Добавить в цитаты Настройки чтения

Страница 6 из 28

— Ну, не сердись, Жером, право, я не собираюсь хитрить с тобой… Вот теперь из-за тебя забыла, о чем хотела сказать… Ах, да, слушай: я, конечно же, уверена, что все это закончится свадьбой, но у тебя траур, и тебе сейчас все-таки не полагается обручаться… да и молод ты пока еще… Я и подумала, что твое нынешнее присутствие в Фонгезмаре, без матери, может быть неправильно истолковано…

— Тетя, но я же именно поэтому и сказал, что собираюсь попутешествовать.

— Да-да. Так вот, мальчик мой, я подумала, что все уладится, если рядом с тобой буду я, и поэтому я так все устроила, чтобы часть лета у меня была свободной.

— Мне достаточно было бы попросить мисс Эшбертон, и она бы с радостью приехала.

— Я уже знаю, что и она приедет. Но этого мало! Я тоже там побуду… Не подумай, я и не претендую на то, чтобы заменить твою мать, бедняжку, — здесь она вдруг начала всхлипывать, — но я смогу помочь по хозяйству… в общем, ни ты, ни дядя твой, ни Алиса ничем стеснены не будете.

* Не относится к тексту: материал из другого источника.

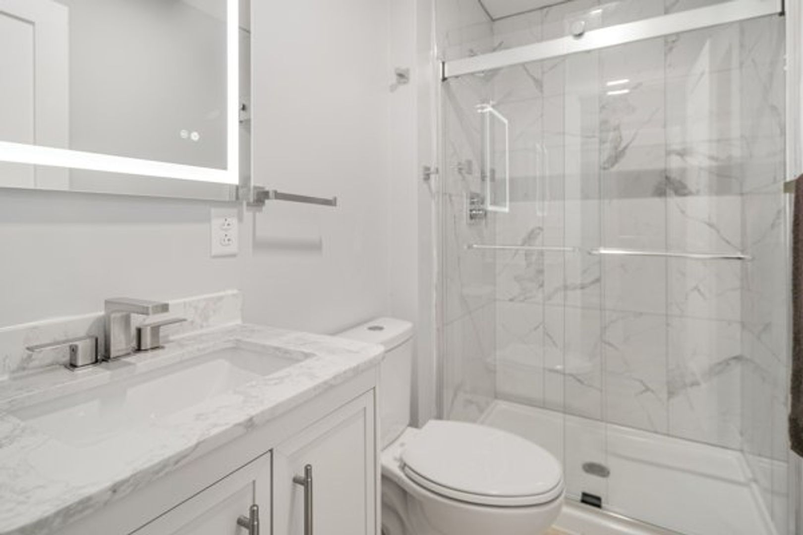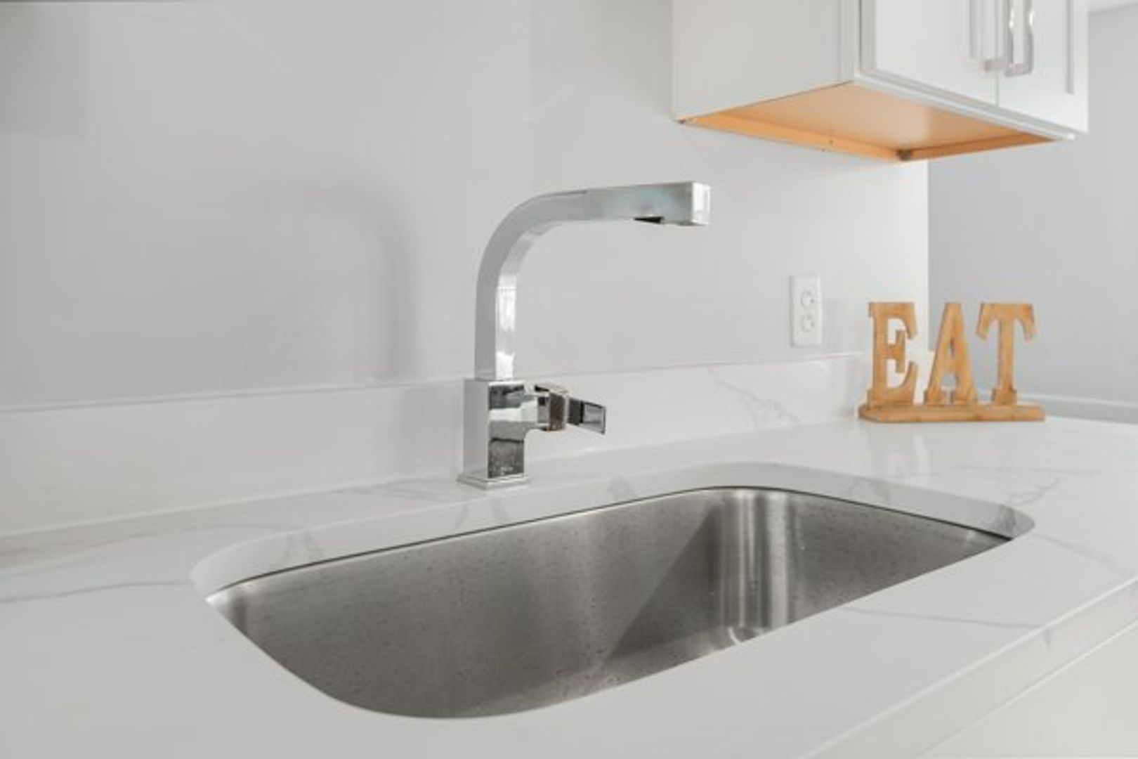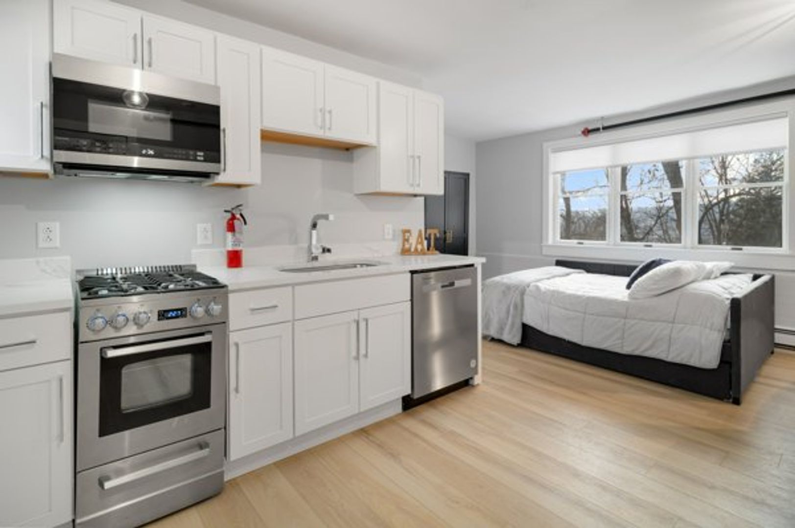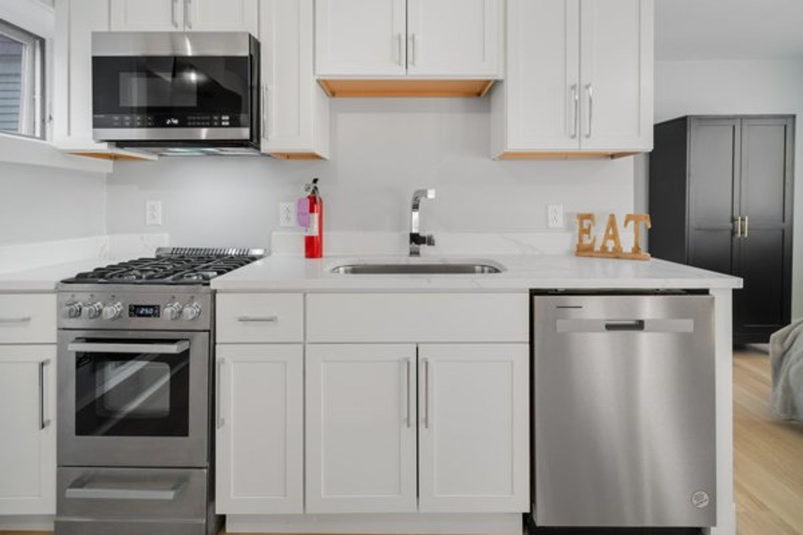 The kitchen features a full suite of new stainless steel appliances (Fridge, Oven/Range, Dishwasher and Microwave), wood cabinets, and brand new, stunning quartz countertops.

Тетя Фелиция заблуждалась относительно пользы от ее присутствия. По правде говоря, если нас что-то и стесняло, то только оно. Как ею и было обещано, она с июля обосновалась в Фонгезмаре, куда вскоре переехали и мы с мисс Эшбертон. Вызвавшись помочь Алисе в хлопотах по дому, она наполняла этот самый дом — прежде такой тихий — несмолкающим шумом. Усердие, с каким она бралась за то, чтобы нам было хорошо с ней и чтобы, как она говорила, «все уладилось», настолько нас подавляло, что мы с Алисой не знали, как себя вести в ее присутствии, и чаще всего сидели, точно воды в рот набрав. Должно быть, она сочла нас очень угрюмыми и нелюдимыми… Но даже если бы мы и не молчали, разве она смогла бы хоть что-то понять в нашей любви?.. А вот Жюльетте с ее характером, напротив, оказалось довольно легко приспособиться к этому буйству чувств, и потому к нежности, которую я питал к тете, примешивалась некоторая обида на то, что младшая ее племянница пользовалась у нее совершенно очевидным предпочтением.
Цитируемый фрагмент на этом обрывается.